McDonald’s and Leo Burnett UK have collaborated with 16-24 year-olds to create a campaign that celebrates the brand’s authentic role in British youth culture. It showcases the unique way young adults have naturally taken ownership of the brand and celebrates the many ways they have made an invite to McDonald’s all their own.
As well as working with an ongoing collaborative panel of 16-24 year-olds, McDonald’s has been connecting with youth workers and youth projects across the country to provide access to welcoming and safe spaces. The key finding: young adults from across the nation see McDonald’s as one of the only public places they can really take ownership of.
The resulting campaign shows no food, no restaurants, and never even mentions McDonald’s by name, instead focusing on the insight that young adults own the invite to McDonald’s by creating their own personal nicknames for the brand. The work spans TV, OOH and social executions.

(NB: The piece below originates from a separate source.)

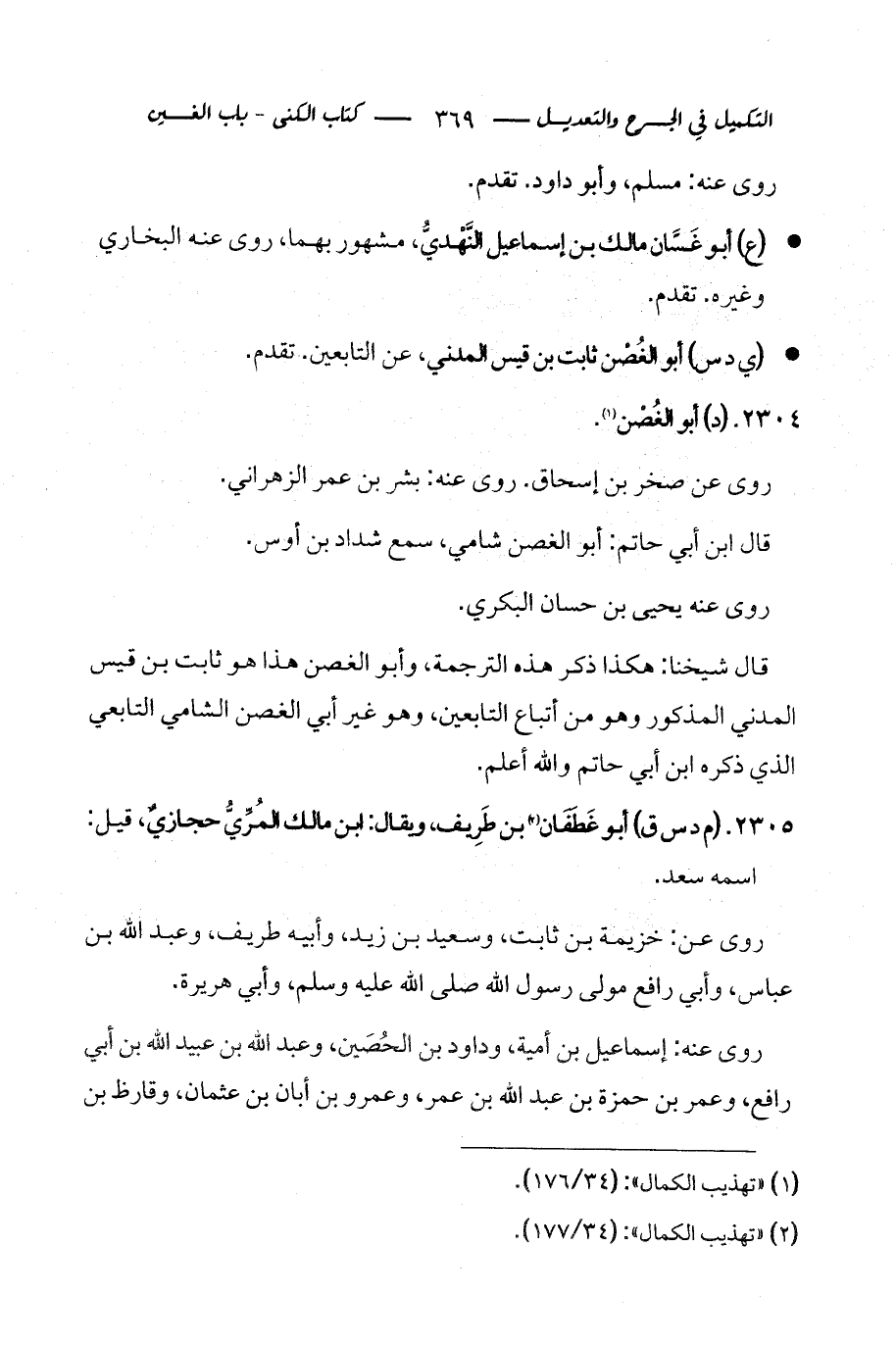 - (ع) أبو غَسَّان مالك بن إسماعيل النَّهْديُّ، مشهور بهما، روى عنه البخاري وغيره. تقدم.

The 60” hero film, directed by Iconoclast, shows a chain reaction of young adults across the country inviting each other to McDonald’s. Each young adult uses their moniker for the brand, ranging from ‘Maccers’ to ‘McDizzles’, to nicknames signed in British Sign Language.
McDonald’s and Leo Burnett also invited young adults to take ownership of other brand elements across social channels. They’ve co-authored with the audience, through Street Interview style BTS content, where young cast members express how they take ownership over the brand. Alongside this, McDonald’s have released a set of stickers, so young adults can customise their own invites to McDonald’s and send them onto their friends.

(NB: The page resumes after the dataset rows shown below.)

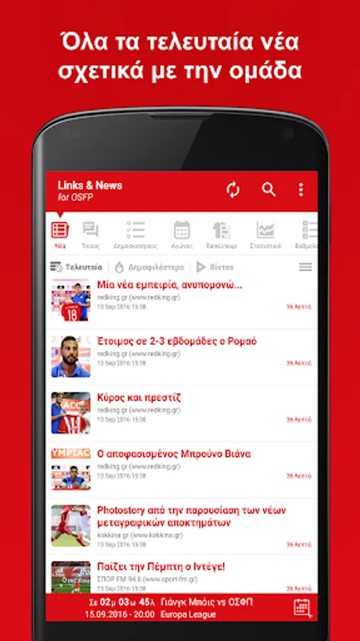 Get informed for all Olympiacos news and articles links gathered from major sports websites in Greece
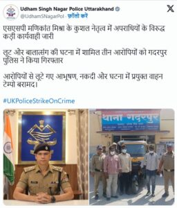 काशीपुर में महिला से चलते टेंपो में सामूहिक दुष्कर्म का मामला सामने आया, जिसके बाद पुलिस ने कड़ी कार्यवाही करते हुए आरोपियों को गिरफ्तार कर लिए है। आरोपियों से लूटे गए आभूषण, नकदी और घटना में प्रयुक्त वाहन टेम्पो बरामद किये गये।
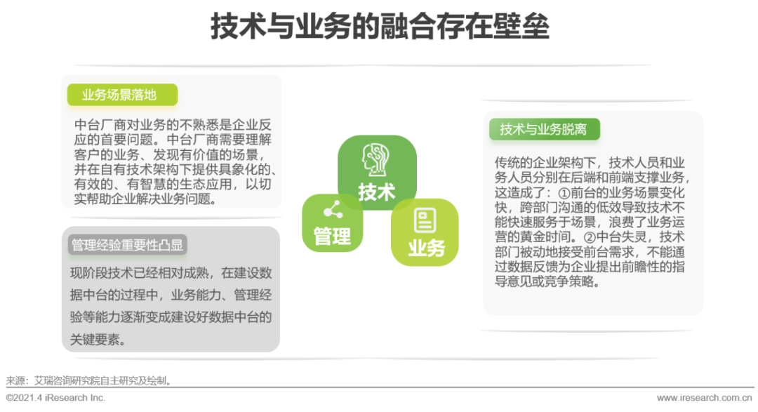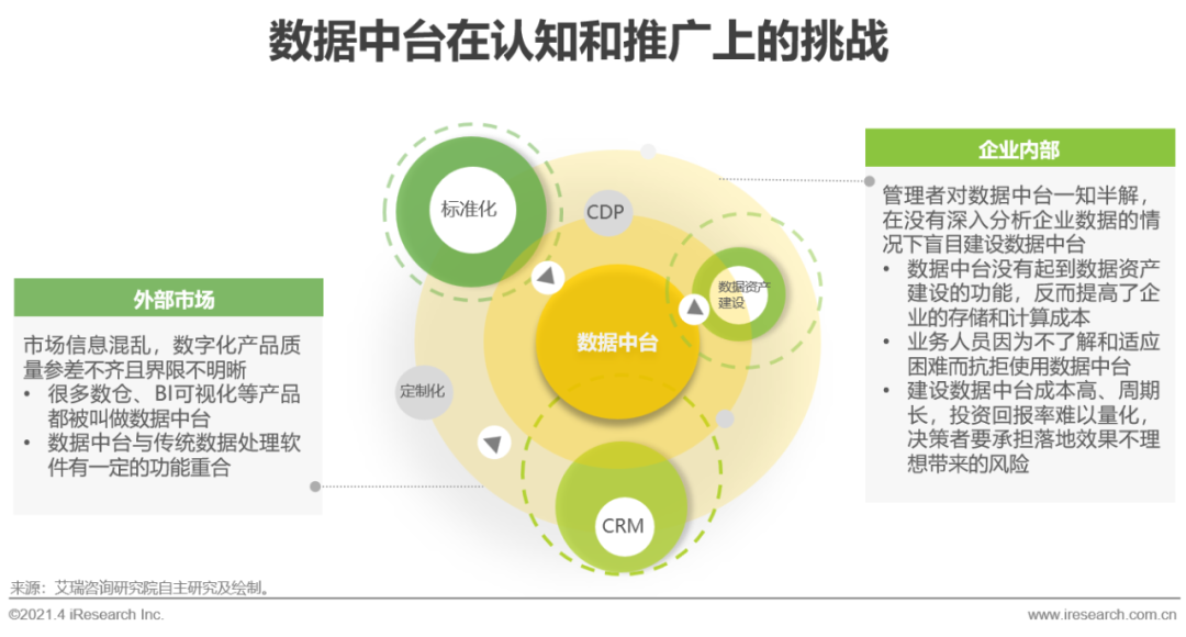 而从市场环境来看,数据中台外在表现为偏定制化的解决方案,它们涉及不同的应用领域、覆盖不同的生产环节,很难有一套面对全行业、全领域通用的中台产品,因此企业对数据中台的认知非常依赖市场内正确信息的传递和头部企业的成功案例示范。整体而言,认知和推广仍是数据中台应用的挑战,这需要供应商和企业长期共同协作来解决。

The OOH campaign will bring the nicknames for McDonald’s to life in a fresh evolution of the brand’s visual identity, across outdoor sites between the hours of 4-6pm.
Leo Burnett partnered with youth empowerment network We Rise Limited, organising workshops which enabled 14 young adults to co-create all aspects of the campaign. To ensure the campaign would resonate authentically with young adult audiences across the UK, Leo Burnett conducted community research with The Diversity Standards Collective.
Media was planned and bought by OMD UK, and PR was managed by Red Consultancy.
Matt Reischauer, marketing director, McDonald’s said, “When the team first presented this idea I was filled with joy, because it’s not always easy to be young. This is especially true today, with an increased lack of provisions and spaces for our young people. This campaign celebrates their wit, charm, and sometimes awkward realities and we are frankly honoured to be a place they choose to spend time together, where they can be themselves.”
Andrew Long and James Millers, executive creative directors, Leo Burnett UK, said, “Whether it’s Maccers, McD’s or even McDizzles, young adults all have their own slang for McDonald’s. This latest campaign celebrates that fan truth in a truly populist way, that we’ve co-created with our audience every step of the process.”